Mesh(nodeNum,numEl,numNodes,x,y,z,elNum,conn,type,meshSeg,structuralSpanLocNorm,structuralNodeNumbers,structuralElNumbers)

Struct with mesh definition

Inputs

• nodeNum::Array{<:int}: Number mapping of nodes (typically 1:Nnodes)
• numEl::int: total number of elements
• numNodes::int: total number of nodes
• x::Array{<:float}: Nodal x position
• y::Array{<:float}: Nodal y position
• z::Array{<:float}: Nodal z position
• elNum::Array{<:int}: Number mapping of elements (typically 1:Nelements)
• conn::Array{<:int}: Nelemx2 connectivity between nodes, gaps between joints (which are defined in the joints)
• type::Array{<:int}: 0-blade 1-tower 2-strut
• meshSeg::Array{<:int}: number of nodes within each segment, with segments consisting of tower, blade 1 2 etc, struts
• structuralSpanLocNorm::Array{<:float}: Should be named heigh loc norm - unitized position along the blade height, used for aeroload mapping
• structuralNodeNumbers::Array{<:int}: Node numbers associated with blades for aero loads mapping
• structuralElNumbers::Array{<:int}: Element numbers associated with blades for aero loads mapping
• nonRotating::Array{<:int}: size(Nsections,numNodes) where nsections are the number of sections of the mesh that are non-rotating, like if for some reason you had two towers, or if you had multiple guy wires
• hubNodeNum::int: Node number where the rotating part of the turbine starts, assumes meshing always starts with tower, then blades, etc.

Outputs:

• none:

NlParams(iterationType,adaptiveLoadSteppingFlag,tolerance,maxIterations,maxNumLoadSteps,minLoadStepDelta,minLoadStep,prescribedLoadStep)

See ?FEAModel

Internal, see ?FEAModel for NodalTerms

Ort(Psi_d,Theta_d,Twist_d,Length,elNum,Offset)

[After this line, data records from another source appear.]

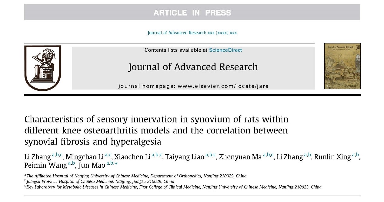 附属医院王培民科研团队一直致力于中医药防治KOA基础与临床研究。上述研究为KOA疼痛相关动物模型的选择、关节疼痛与僵硬的相关性提供了基础研究的客观证据,也为KOA疼痛的深入研究提供了新思路。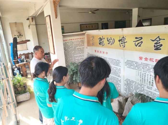 7月7日下午,團隊成員到達淮南漢唐紫金石博物館,應(yīng)偉館長帶領(lǐng)隊員們穿越時空長廊。從漢唐的質(zhì)樸到明清的精巧,一方方硯臺訴說著“質(zhì)堅而潤,色紫而雅”的千年風(fēng)雅。深度訪談環(huán)節(jié),應(yīng)館長提出的“將古城墻刻在紫金石上,結(jié)合淮南典故,把地域文化烙印在硯臺之中。”的創(chuàng)新思路,啟發(fā)隊員們思考如何將地域文化元素深度融入食品設(shè)計來提升產(chǎn)品文化附加值。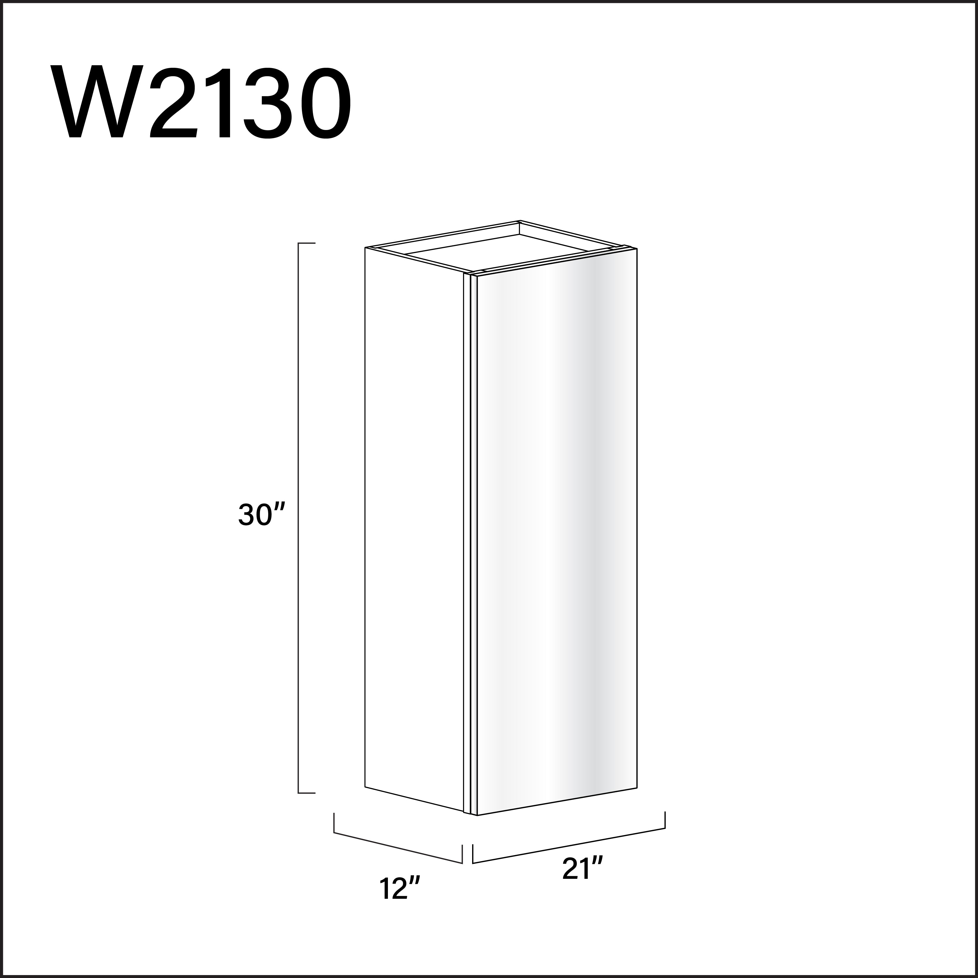 Glossy White Frameless Single Door Wall Cabinet - 21" W x 30" H x 12" D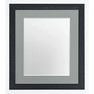 FRAMES BY POST Glitz Black Picture Photo Frame with Dark Grey Mount 7 x 5 Image Size 3.5 inch Plastic Glass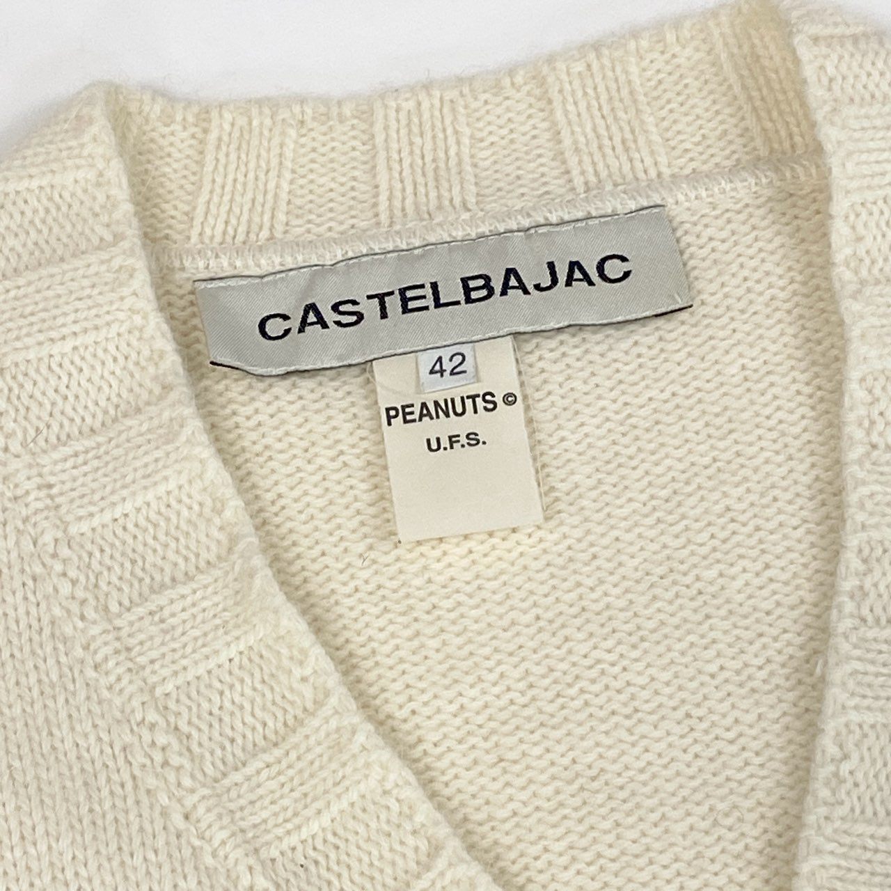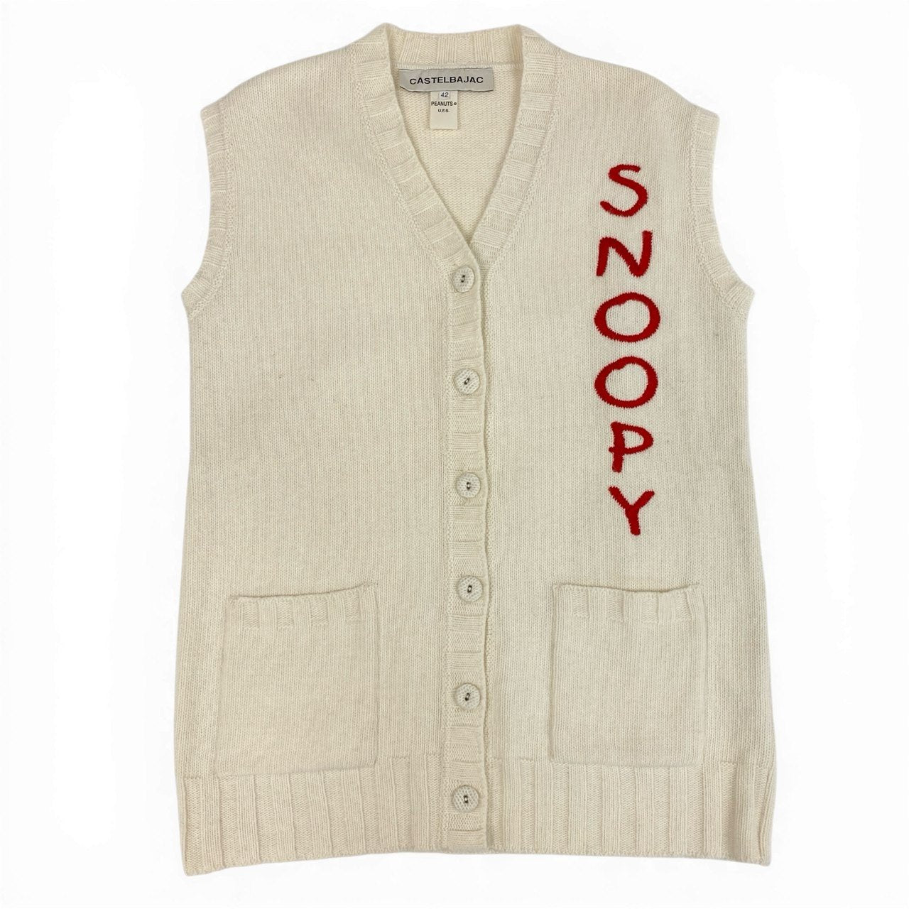 27a23 CASTELBAJAC カステルバジャック × PEANUTS Snoopy スヌーピー ニットベスト サイズ42 アイボリー Vintage ヴィンテージt18r

Struct with element orientation

Inputs

• Psi_d::Array{<:float}: length NumEl, element rotation about 3 in global FOR (deg) These angles are used to transform from the global coordinate frame to the local element/joint frame via a 3-2 Euler rotation sequence.
• Theta_d::Array{<:float}: length NumEl, element rotation about 2 (deg)
• Twist_d::Array{<:float}: length NumEl, element twist (deg)
• Length::Array{<:float}: length NumEl, element length (m)
• elNum::Array{<:float}: Element number the other arrays are associated with
• Offset::Array{<:float}: hub frame coordinate of node 1 of the element

Outputs:

• none:

Internal, ROM data

SectionPropsArray(ac,twist,rhoA,EIyy,EIzz,GJ,EA,rhoIyy,rhoIzz,rhoJ,zcm,ycm,a,EIyz,alpha1,alpha2,alpha3,alpha4,alpha5,alpha6,rhoIyz,b,a0,aeroCenterOffset,xaf,yaf)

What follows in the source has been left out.